# Community Tank



## brezilian (Apr 21, 2012)

Hello guys right now i have an extra 20 gallon thats running and i was wondering what to put in it. i was thinking of some shrimp, tetra and guppies... oh ya and some ottos. i would like to make it semi planted with moss balls and stuff like that. so if you have any ideas let me know.


----------



## brezilian (Apr 21, 2012)

anybody got any ideas


----------



## Foxtail (Mar 14, 2012)

Get a bunch of those rams that charles has.

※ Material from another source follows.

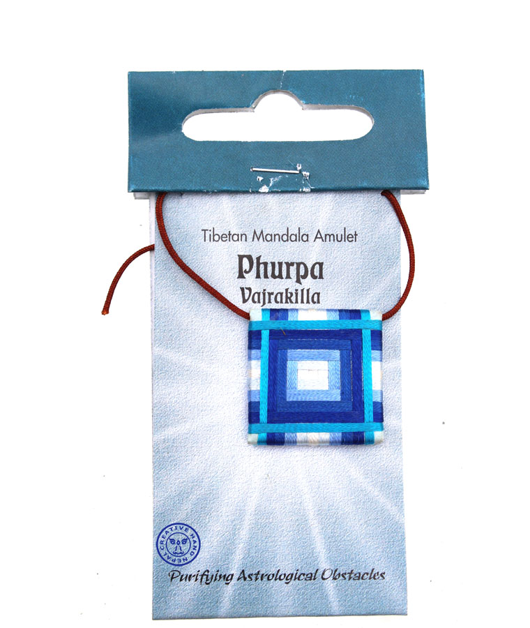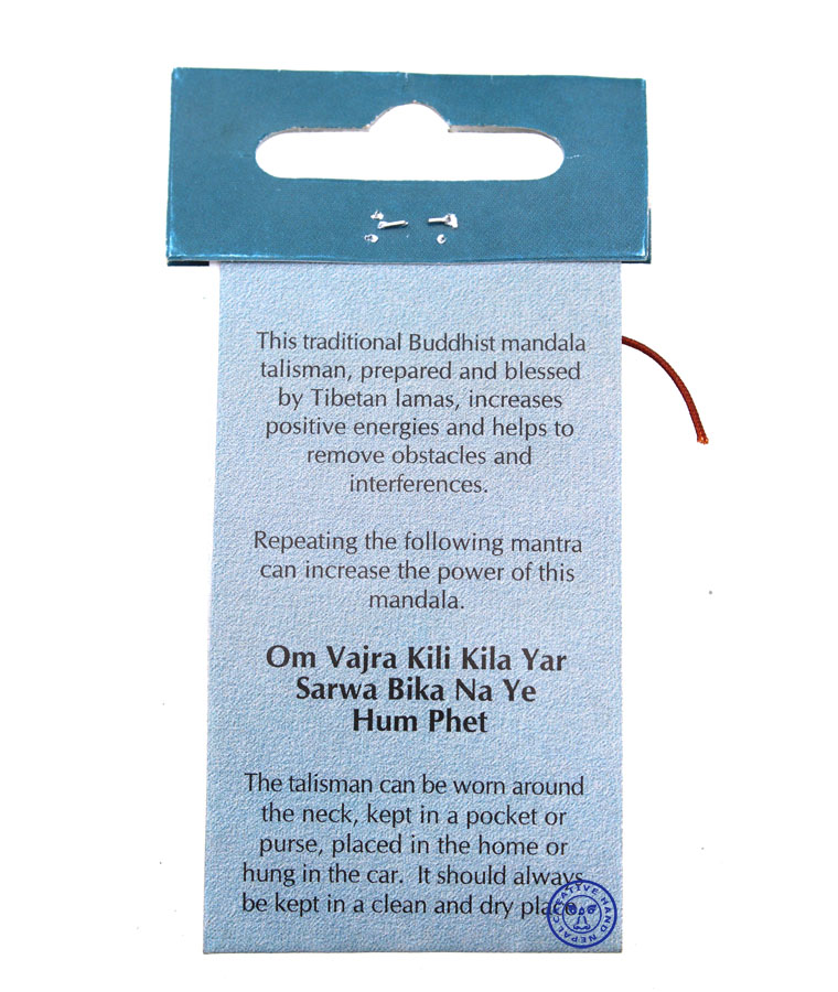 These hand woven pendants are made entirely by hand. Each one is woven to a prescribed mandala design for protection. This traditional Buddhist mandala talisman, prepared and blessed by Tibetan lamas, increases positive energies and helps to remove obstacles and interferences .Repeating the following mantra can increase the power of this mandala:"OM VAJRA KILI KILA YAR SARWA BIKA NA YE HUM PHET".This talisman can be worn around the neck, kept in the pocket or purse, placed in the home or hung in the car. It should always be kept in a clean and dry place. Please Note: These pendants are delivered in an assortment of colours. Approx Dimensions : 2,5 x 2,5 cm

Sent from my SGH-T959D using Tapatalk 2


----------



## macframalama (Apr 17, 2012)

south american /central american cichlid hybrid grow out cube???

lmao


----------



## Momobobo (Sep 28, 2010)

I've always wanted to do a school of Pygmy Cories and Mosquito Rasbora. Never had the spare tank to do it though...:bigsmile:


----------



## gsneufeld (Jan 28, 2012)

Pygmy corys are great, I've kept two of the commoner dwarf cory species, and the pygmaeus are shy, you need dither fish, and a large group of the pygmies in order to see them really swim around but when they do its really something, they dont call them tetra corys for nothing! They especially love swimming with my otos. They are great tankmates for shrimp cause they won't touch even the smallest of shrimplets, just like otos and BNs.


----------



## roshan (Jul 19, 2010)

Dont forget Nerite Snails, great little cleaners and they are very colourfull, just dont buy any Loaches or Assasin Snails..they will eat them


----------



## macframalama (Apr 17, 2012)

your loving those things arent you lol


roshan said:


> Dont forget Nerite Snails, great little cleaners and they are very colourfull, just dont buy any Loaches or Assasin Snails..they will eat them


----------



## roshan (Jul 19, 2010)

macframalama said:


> your loving those things arent you lol


you betcha!! whats not to like, they are cheap,peacefull, clean like crazy and at times very interesting to just observe plus they will get into every nook and cranny to devour Algae


----------



## brezilian (Apr 21, 2012)

sweet any more ideas


----------



## sunshine_1965 (Aug 16, 2011)

The shrimp idea sounds great. I have a 10g shrimp tank and love it. The shrimp are fascinating creatures. They will continue to populate the tank and will generate a small return on your initial investment. You can usually find some great deals here on shrimp. Good luck.


----------



## brezilian (Apr 21, 2012)

cool i think i'll get some ghost shrimp and blueberry shrimp


----------